EXERCISE DIRECTIONS:
Find the line below with "2、點擊攪拌器上的綠色按鈕,按界面提示的" and the line with "Set Local Presentation". Output them and the lines between, exactly, but not the pictures.

GIVEN RECORDS:
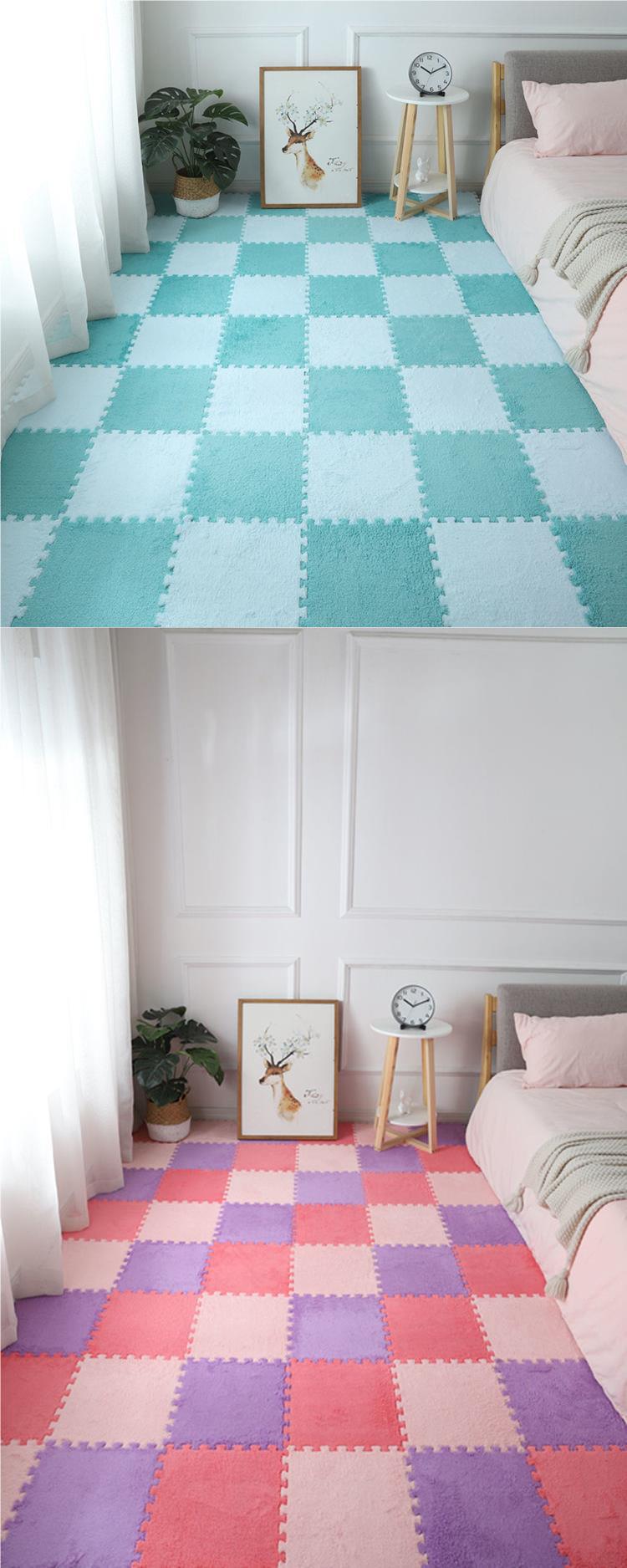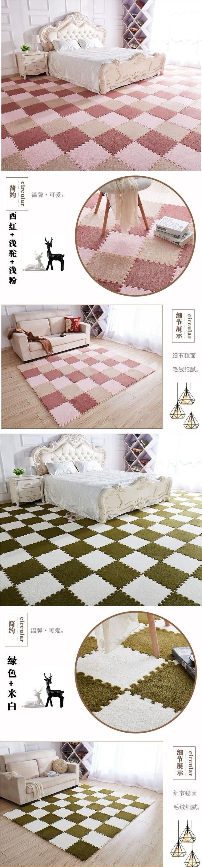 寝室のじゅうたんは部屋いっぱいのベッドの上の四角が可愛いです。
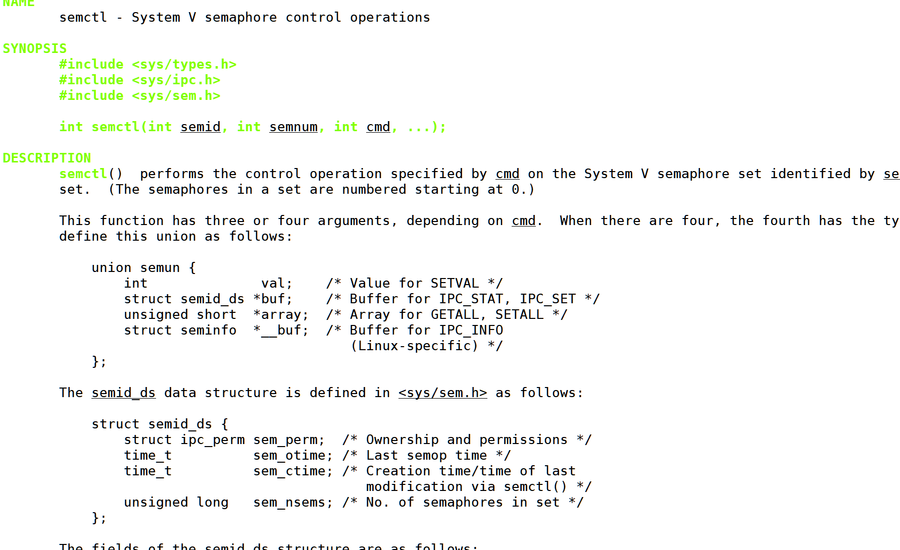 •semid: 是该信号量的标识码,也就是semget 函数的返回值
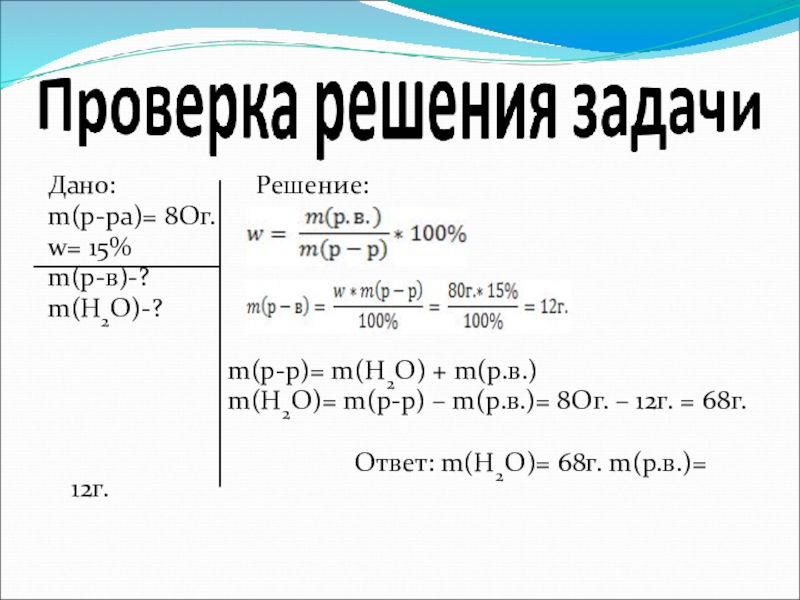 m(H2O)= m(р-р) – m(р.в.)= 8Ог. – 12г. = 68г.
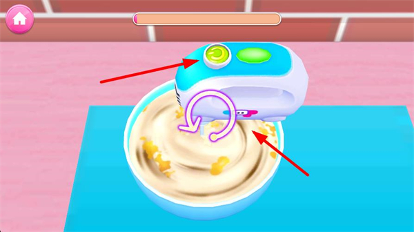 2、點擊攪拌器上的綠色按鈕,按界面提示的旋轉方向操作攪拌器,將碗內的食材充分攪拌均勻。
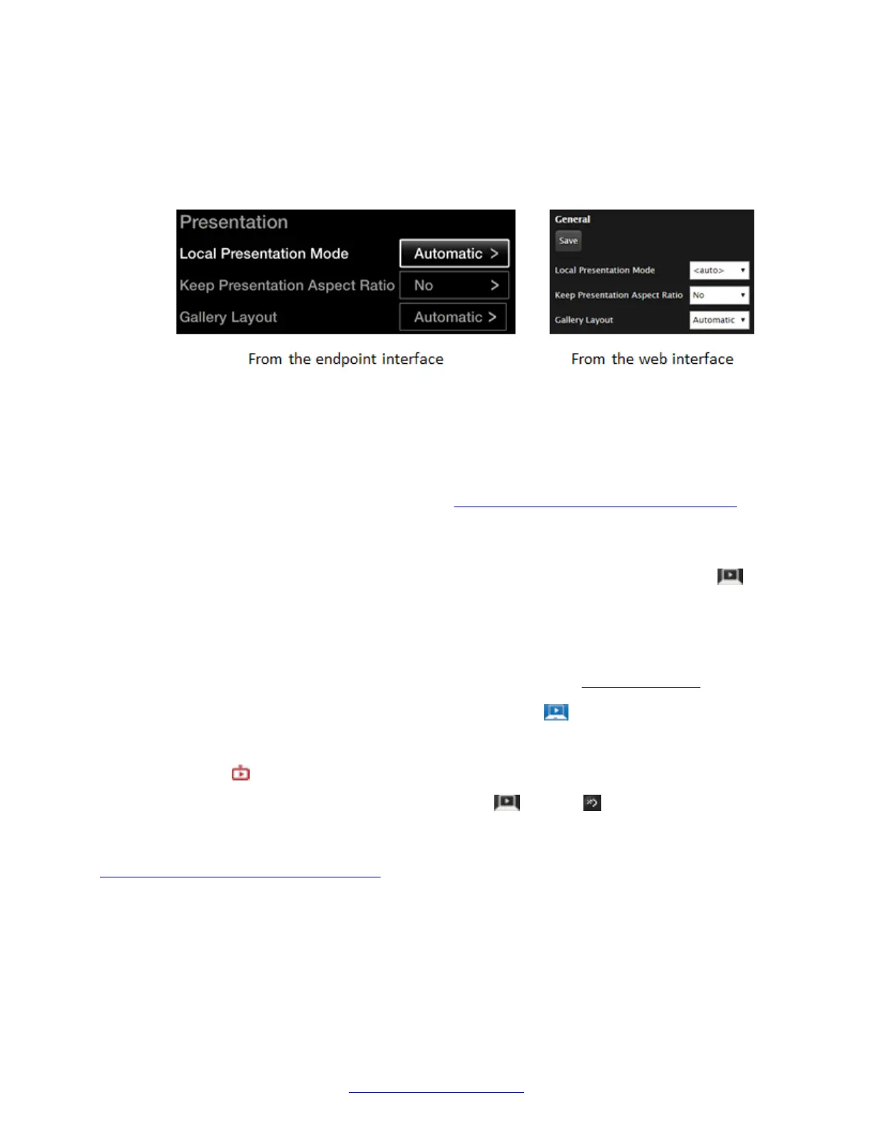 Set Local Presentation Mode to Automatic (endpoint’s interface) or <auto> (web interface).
...
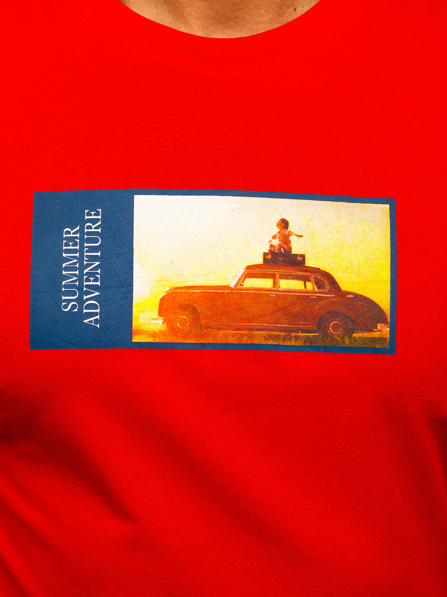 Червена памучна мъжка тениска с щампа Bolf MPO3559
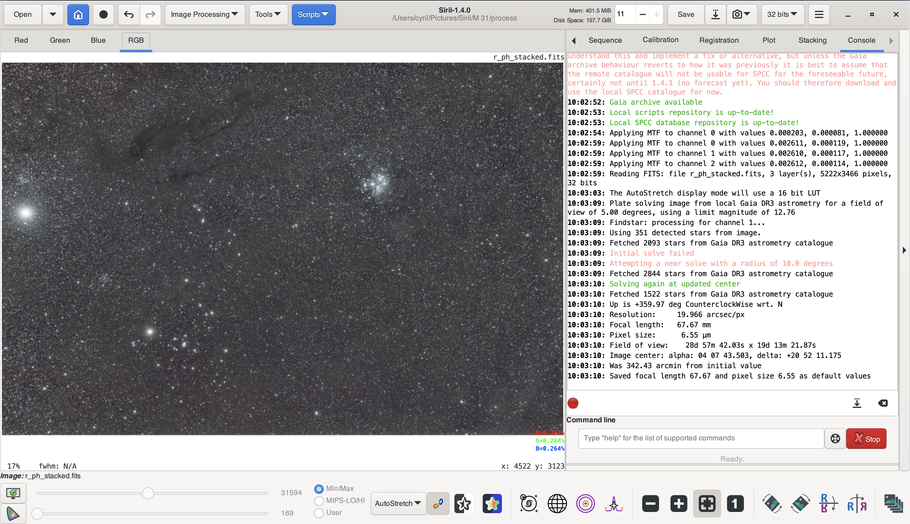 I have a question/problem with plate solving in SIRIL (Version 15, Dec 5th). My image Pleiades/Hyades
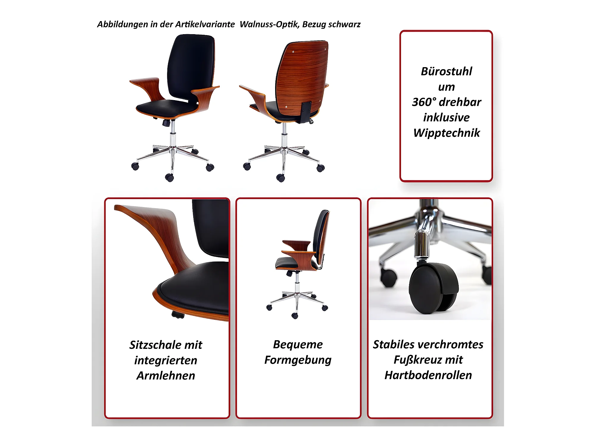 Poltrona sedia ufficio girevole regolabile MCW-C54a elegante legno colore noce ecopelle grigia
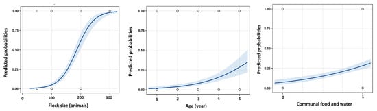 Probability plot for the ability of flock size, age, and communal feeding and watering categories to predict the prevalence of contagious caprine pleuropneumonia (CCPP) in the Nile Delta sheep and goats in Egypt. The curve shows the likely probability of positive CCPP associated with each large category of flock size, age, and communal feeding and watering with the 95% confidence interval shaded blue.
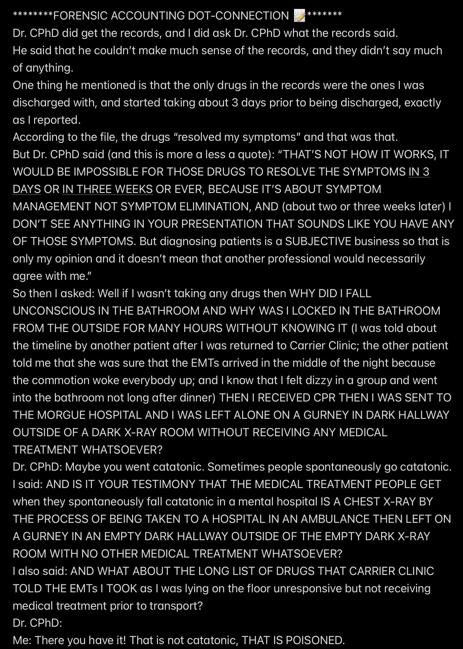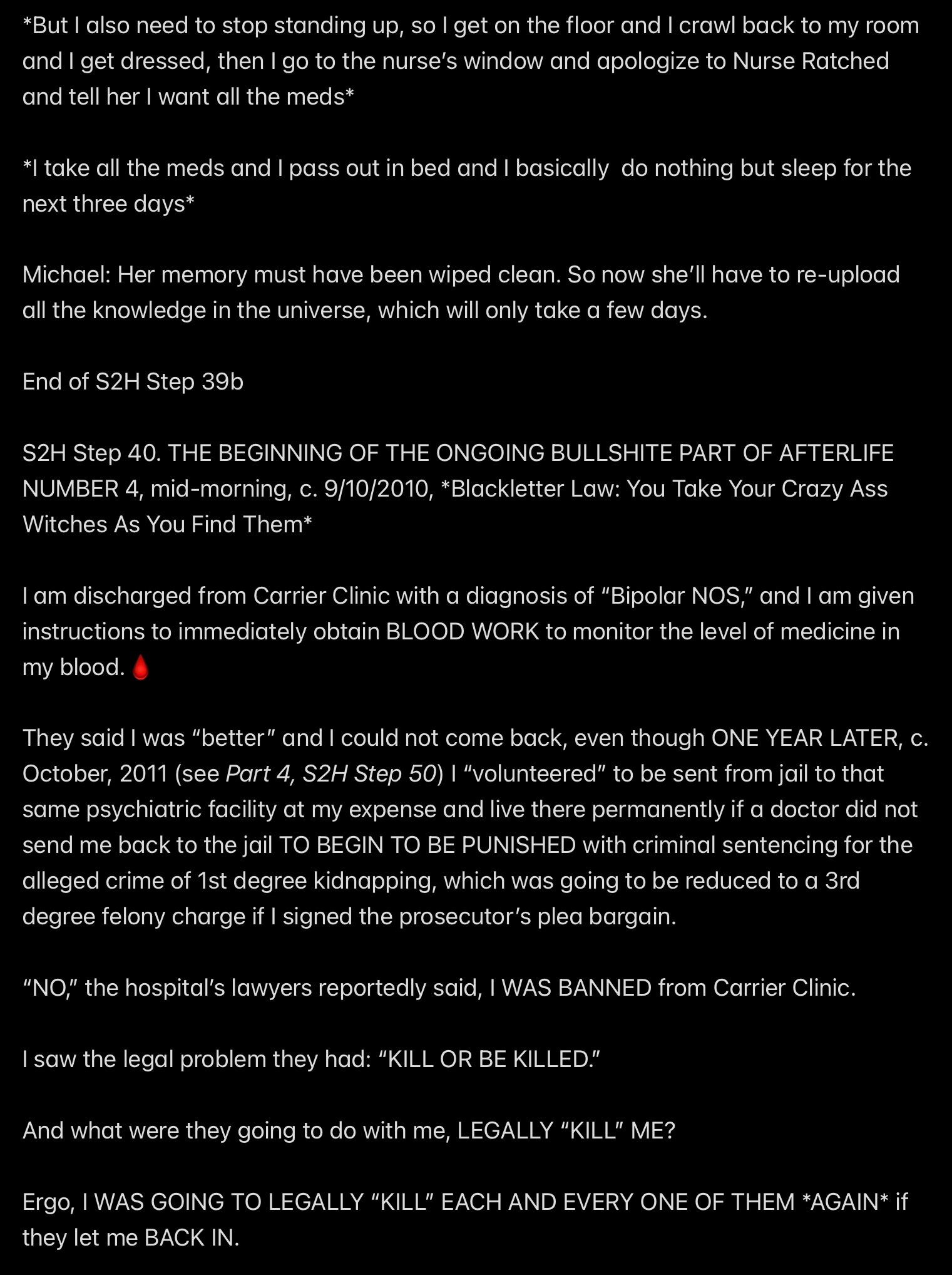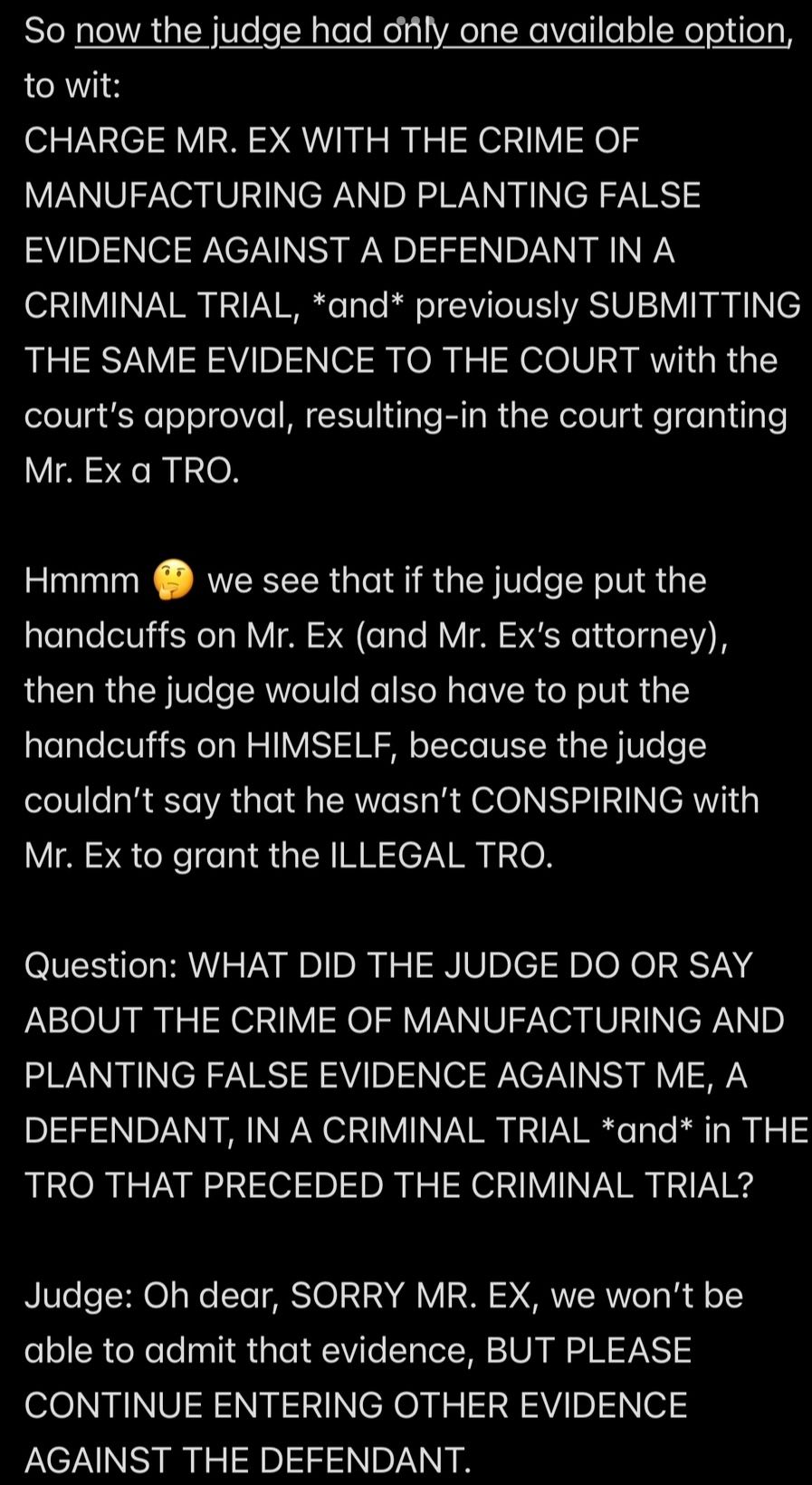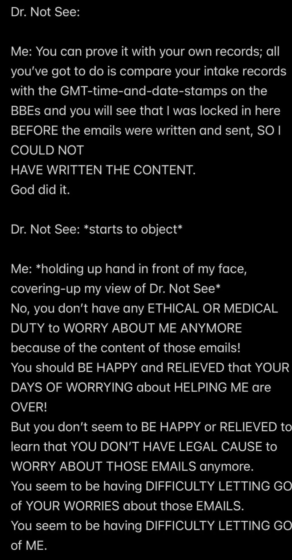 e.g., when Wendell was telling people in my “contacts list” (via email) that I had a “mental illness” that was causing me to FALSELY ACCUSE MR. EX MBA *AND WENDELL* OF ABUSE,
---
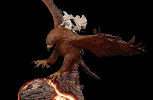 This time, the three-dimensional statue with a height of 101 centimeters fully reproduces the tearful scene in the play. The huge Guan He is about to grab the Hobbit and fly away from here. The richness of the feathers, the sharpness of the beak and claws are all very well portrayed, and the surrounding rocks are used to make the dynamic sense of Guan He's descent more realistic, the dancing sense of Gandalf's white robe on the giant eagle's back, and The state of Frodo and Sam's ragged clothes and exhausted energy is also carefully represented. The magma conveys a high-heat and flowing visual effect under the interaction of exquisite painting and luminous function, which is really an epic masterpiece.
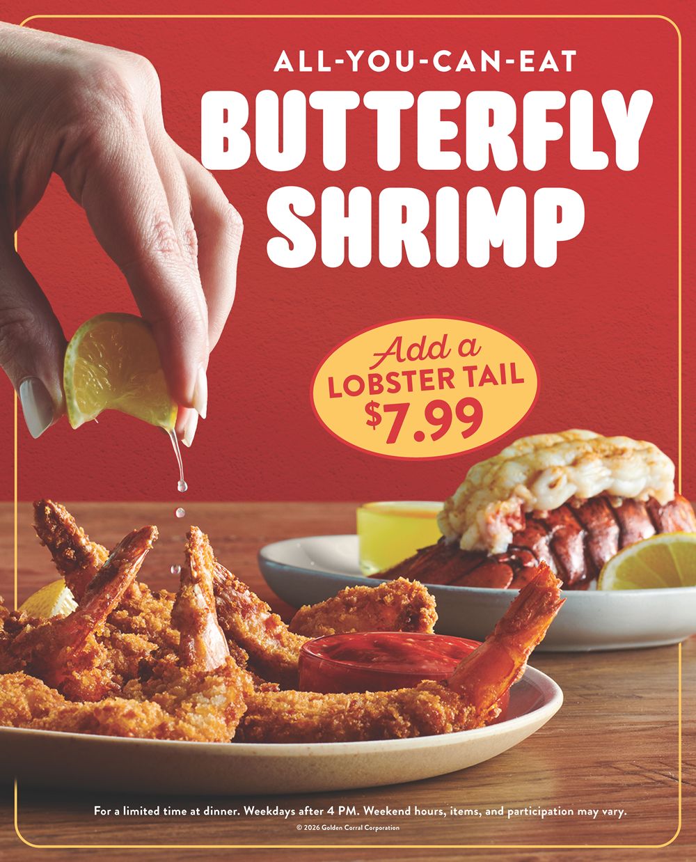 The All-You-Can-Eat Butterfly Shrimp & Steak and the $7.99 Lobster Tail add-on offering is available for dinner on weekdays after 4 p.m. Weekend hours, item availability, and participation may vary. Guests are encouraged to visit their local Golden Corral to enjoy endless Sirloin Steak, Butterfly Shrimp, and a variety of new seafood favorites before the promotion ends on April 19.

TASK OUTPUT:
 2、點擊攪拌器上的綠色按鈕,按界面提示的旋轉方向操作攪拌器,將碗內的食材充分攪拌均勻。
 Set Local Presentation Mode to Automatic (endpoint’s interface) or <auto> (web interface).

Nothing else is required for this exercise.